** EXERCISE AIM **
The answer is the first line of the listing and every line after it through the one containing "500,00 $ – 1.600,00", exact, with pictures removed.

• • •

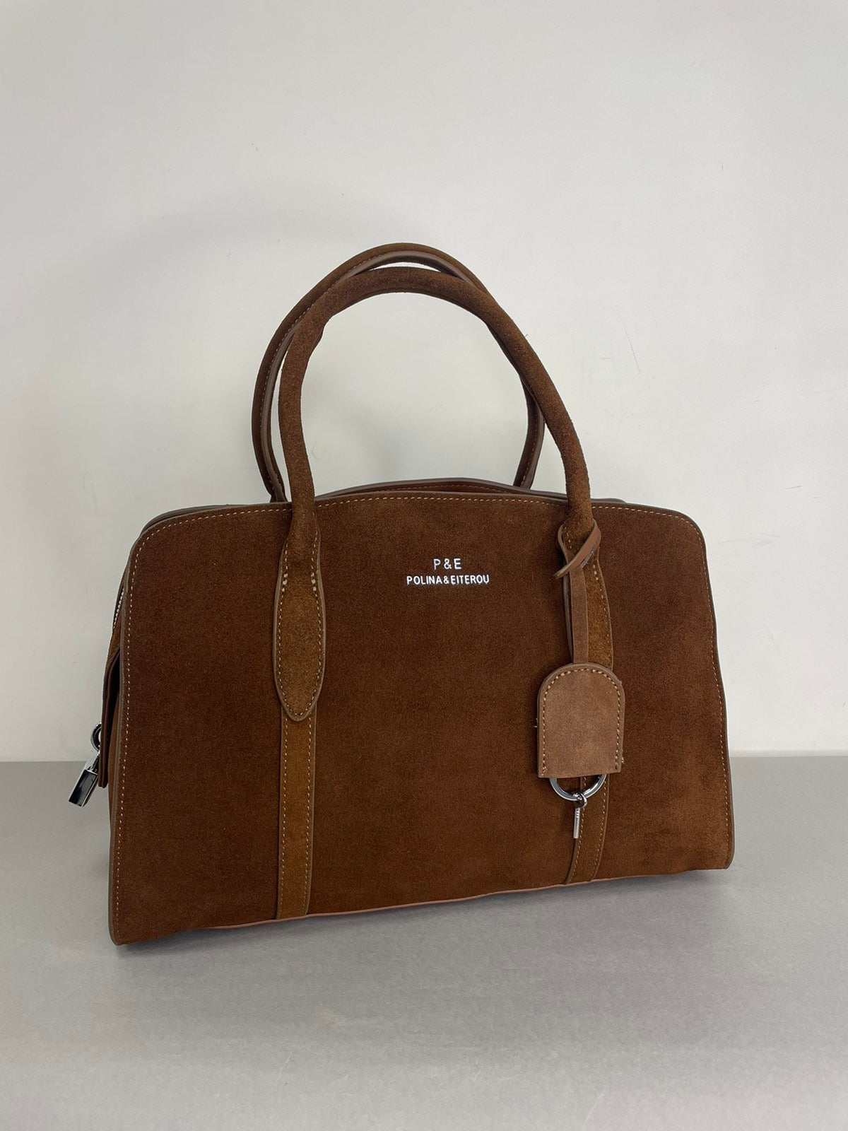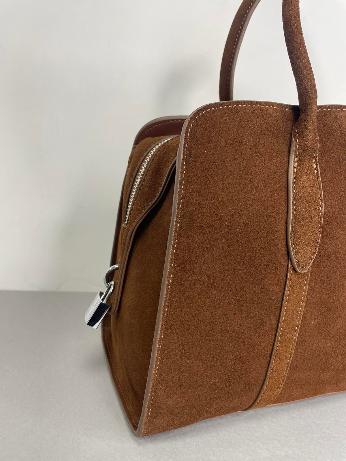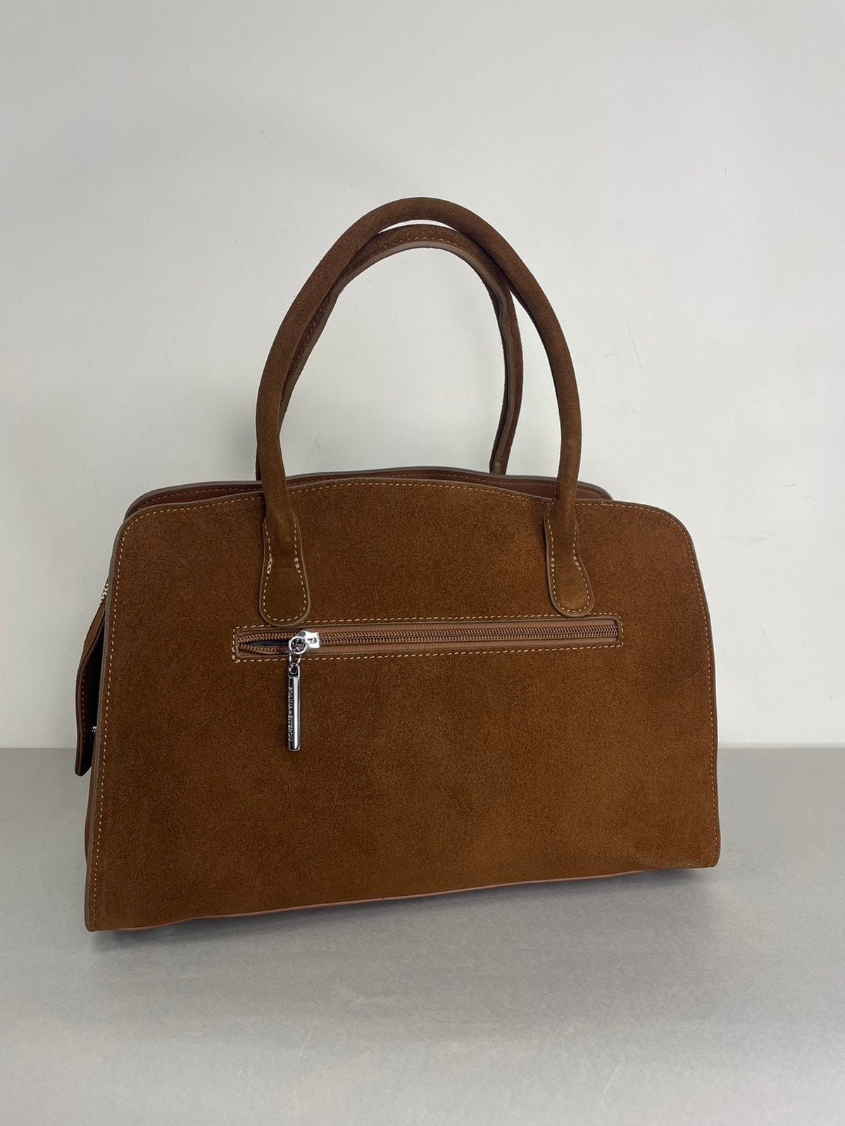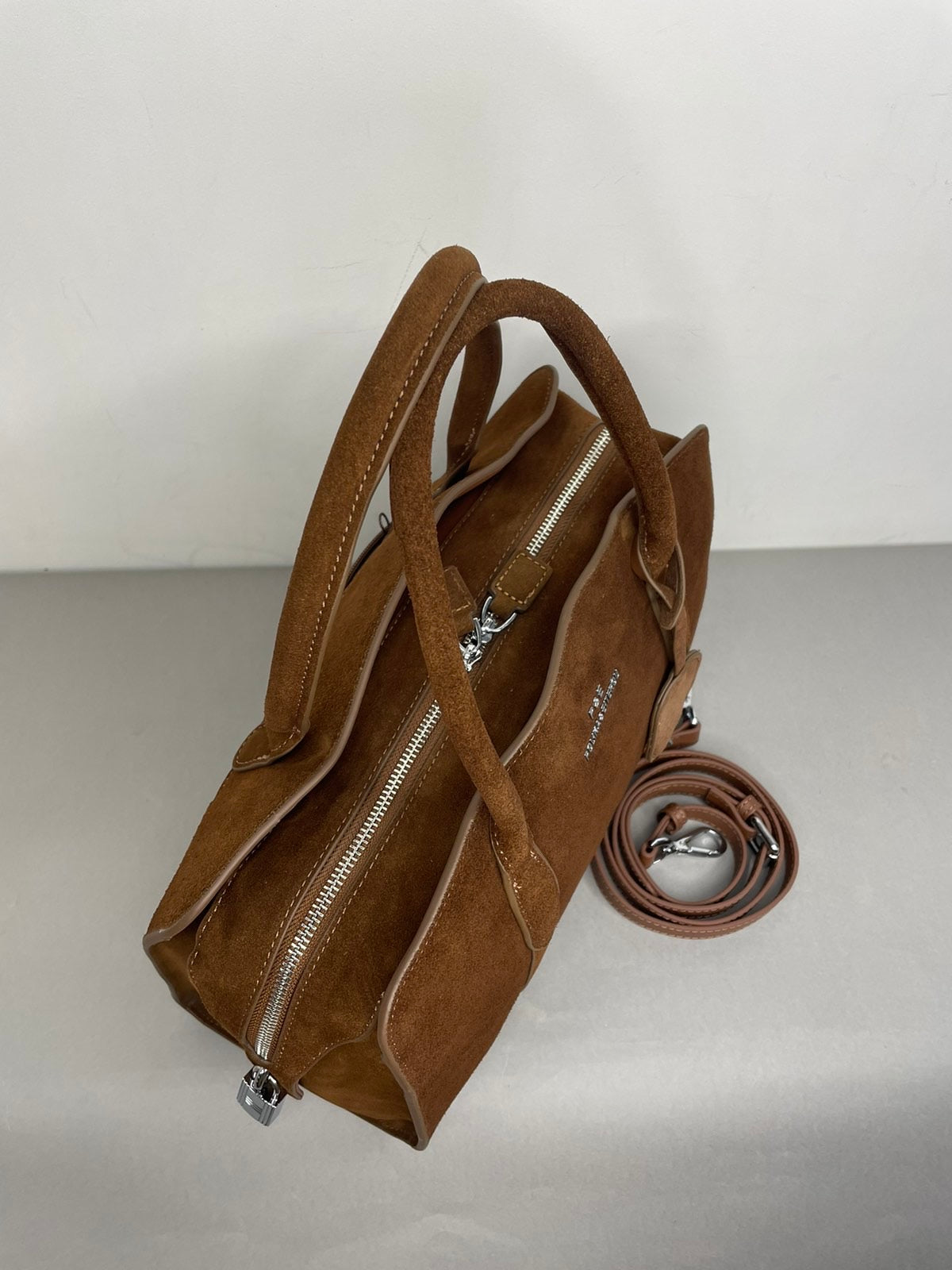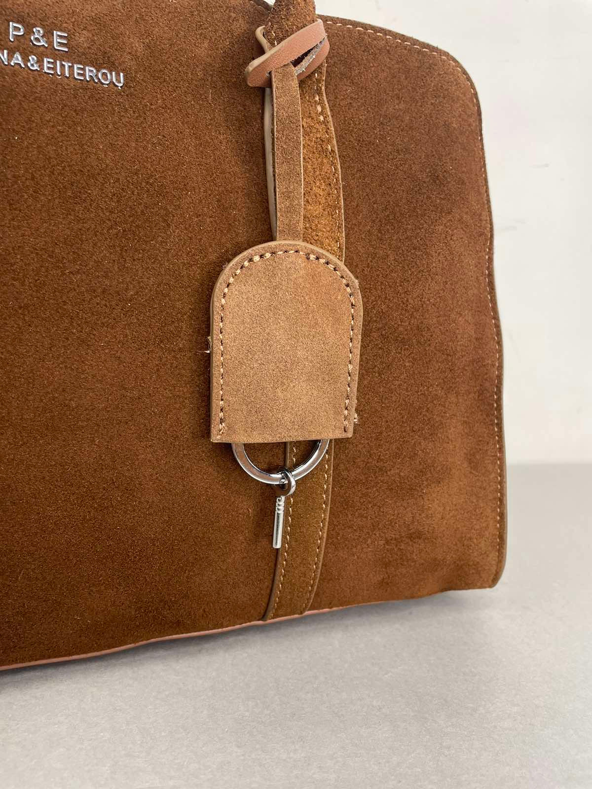 Ruda, natūralaus zomšo moteriška rankinė,
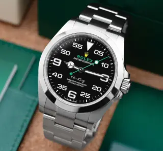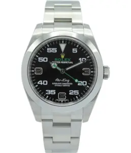 500,00 $ – 1.600,00 $Rolex Air-King 116900 Oyster Perpetual Black Dial with Green Seconds Hand and White Arabic Minute Markers Stainless Steel Watch Replik
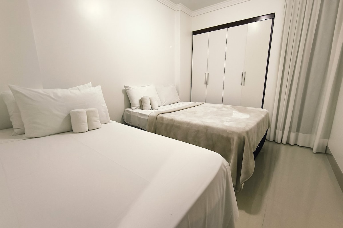 Enjoy one of the best cities in Brazil in a comfortable, quiet and spacious environment. 800 m from the beautiful Manaira beach, 109 m². 4 bedrooms, 5 beds (4 double and 1 single), all with split air conditioning, large living room with 2 areas, table with 6 chairs, 2 sofas, 43" 4K TV, full kitchen, laundry area with washer and iron. Condominium with pool and barbecue available. Garage for 2 vehicles. Wi-Fi. Near supermarkets, restaurants and bakeries. Up to 12 people. Family friendly.
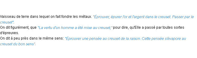 Ancienne signification du terme « creuset », parution de 1835, dictionnaire académique Français.
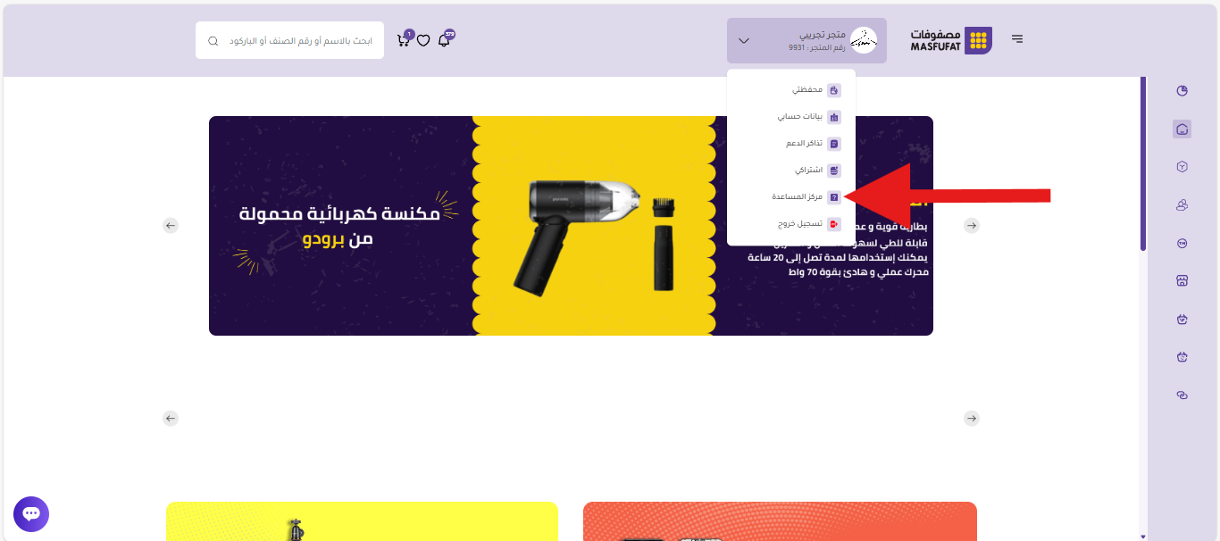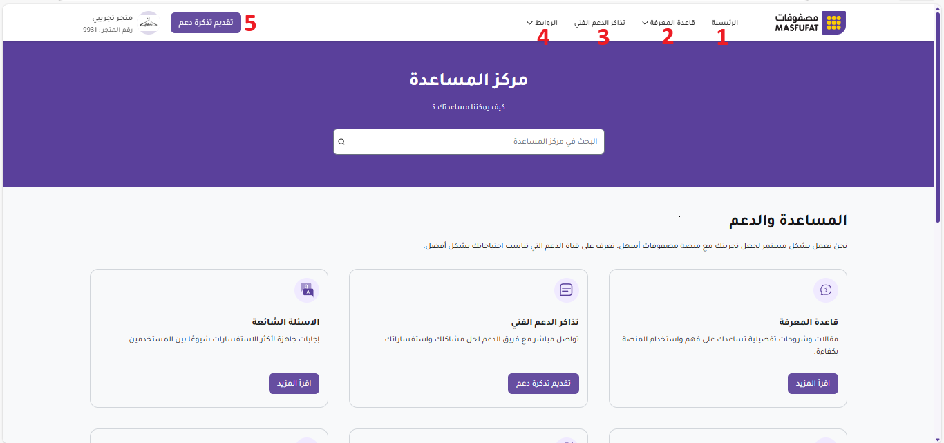 بدايةً، يمكنك الوصول إلى صفحة مركز المساعدة خلال القائمة المندرجة تحت شعر المتجر واسم ورقمه في لوحة تحكم التاجر (الرئيسية).
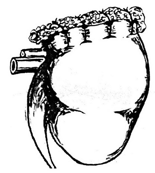 Рис. 8.7. Вид ушитого разрыва верхнего полюса почки с использованием жировой прокладки по нашей методике
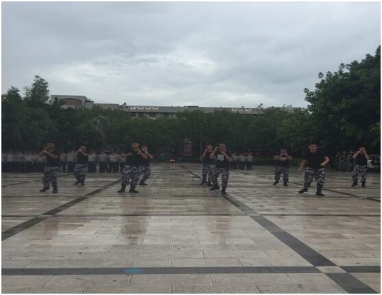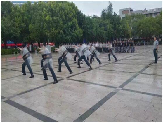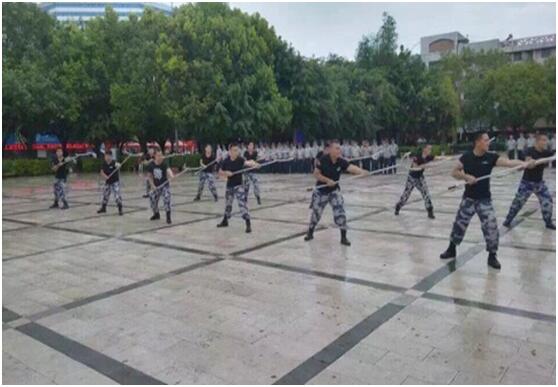 活動(dòng)首先由人防保安隊(duì)伍退伍老兵進(jìn)行了日常軍事訓(xùn)練中三大步伐的展示;隨后由文化娛樂(lè)場(chǎng)所保安員進(jìn)行了擒敵拳、鋼叉防護(hù)等的展示;最后由機(jī)動(dòng)大隊(duì)保安員進(jìn)行了警棍盾牌操的展示。
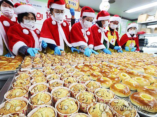 (안양=연합뉴스) 홍기원 기자 = 24일 경기도 안양시 동안구 대한적십자사 경기도지사 중앙봉사관에서 열린 ''에서 산타 모자를 쓴 봉사원들이 관내 지역아동센터 등에 전달할 빵을 준비하고 있다. 2025.12.24
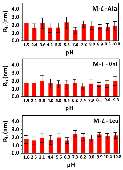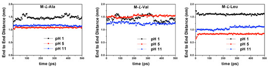 Adopting a simulation protocol used in previous work [31,32,33,34], molecular dynamics (MD) simulations at room temperature and final energy minimizations using molecular mechanics (MM) methods were carried out for M-l-Ala, M-l-Val, M-l-Leu with ten repeat units (see Scheme 1) bearing a positive (L+), a null (L0) and a negative (L−) charge per repeat unit (see Figure 2 and Table 2), using the same strategy used in the previous theoretical study for the PAAC from l-arginine, l-ARGO7 [24]. More details about the adopted software and force field, and about the simulation protocol are reported in the Supplementary Materials. In particular, starting from a fully elongated chain, at first the conformational properties of PAACs in an effective dielectric medium were investigated, and then more extensive simulation runs in the explicit presence of water molecules adopting a periodic simulation box were carried out. In the presence of water, after a preliminary molecule energy minimization in the chosen environment, the MD runs were performed at room temperature with final geometry optimization after achieving equilibrium. In both simulation environments a similar conformational behavior of the polymer chains was found, never displaying the typical polyelectrolyte extended conformations, in keeping with what already found for l-ARGO7 [24]. Some MD runs were also carried out for M-l-Ala at pH 1 using a different strategy starting again from a fully elongated chain in the effective dielectric medium. Briefly, MD runs were first performed at 500 K, then the temperature was decreased to 400 K and eventually to 300 K to check for possible trapping in a metastable state and to test for the robustness of the final conformation. No significant differences to within 4% were found for the calculated size descriptors reported below (Figure S6). For a meaningful comparison with the experimental results, the following discussion will be limited to the simulations carried out in explicit water.
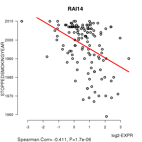 Figure S12. Get High-res Image As an example, this figure shows the association of RAI14 to 'STOPPEDSMOKINGYEAR'. P value = 1.7e-06 with Spearman correlation analysis. The straight line presents the best linear regression.

• • •

** ANSWER TO THIS PROBLEM **
 Ruda, natūralaus zomšo moteriška rankinė,
 500,00 $ – 1.600,00 $Rolex Air-King 116900 Oyster Perpetual Black Dial with Green Seconds Hand and White Arabic Minute Markers Stainless Steel Watch Replik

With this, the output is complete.